◆ Work task ◆
Print the listing as it stands, omitting all images.

◆ Source data ◆
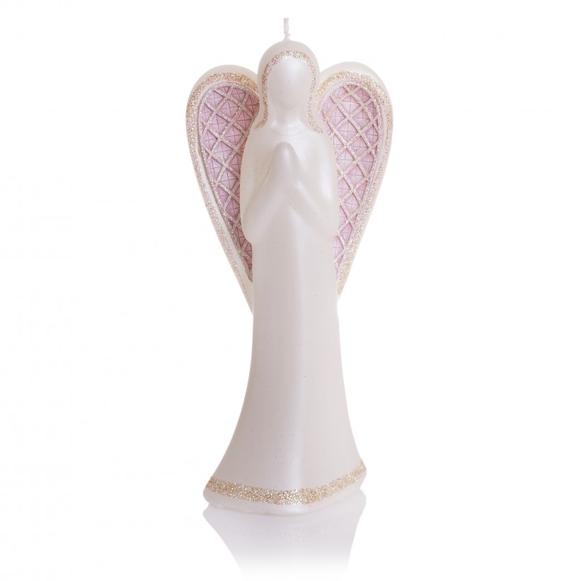 BARTEK CANDLES Marocco svíčka figurka Anděl se třpytkami 165 mm - s růžovými křídly
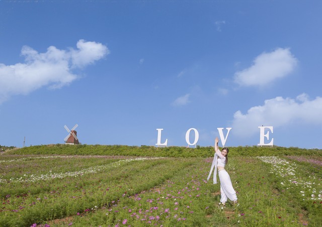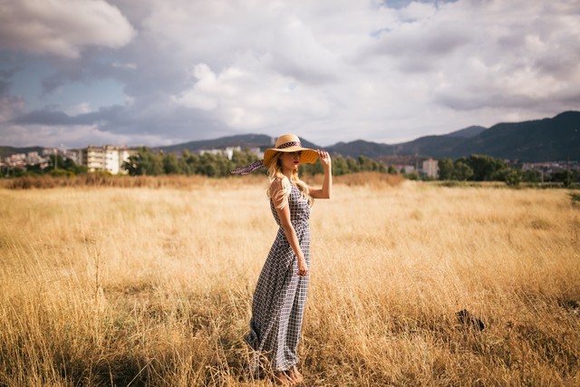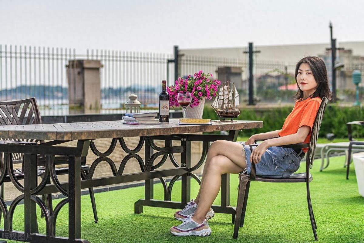当拍摄美女外景照片时,自然漂亮的姿势为照片增色不少。
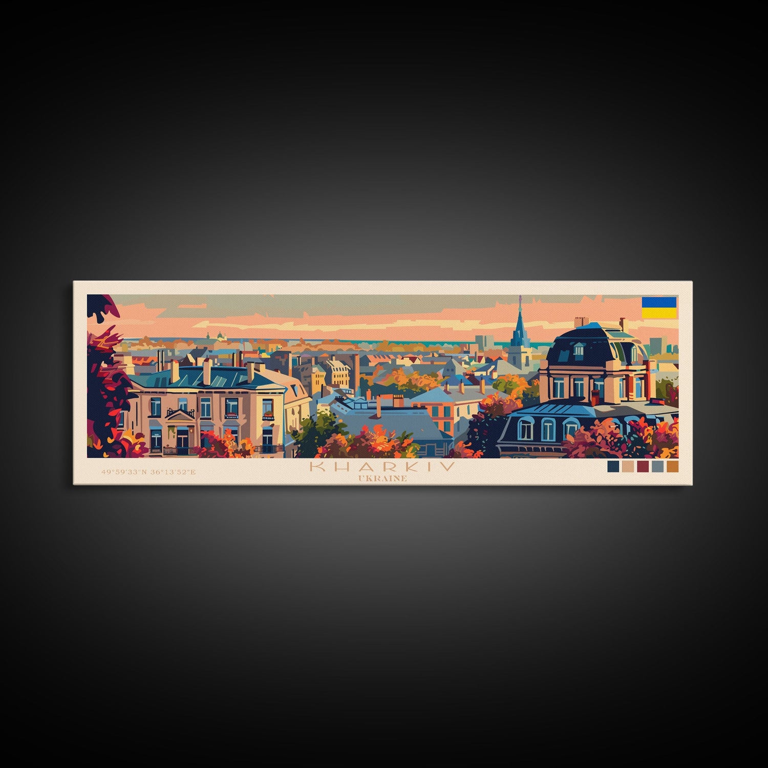 Kharkiv Ukraine Panoramic Travel Poster, Framed Canvas Print or Metal Wall Art, Travel Art, Home Decor, Panoramic Painting, Midcentury Art

◆ Written solution ◆
 BARTEK CANDLES Marocco svíčka figurka Anděl se třpytkami 165 mm - s růžovými křídly
当拍摄美女外景照片时,自然漂亮的姿势为照片增色不少。
 Kharkiv Ukraine Panoramic Travel Poster, Framed Canvas Print or Metal Wall Art, Travel Art, Home Decor, Panoramic Painting, Midcentury Art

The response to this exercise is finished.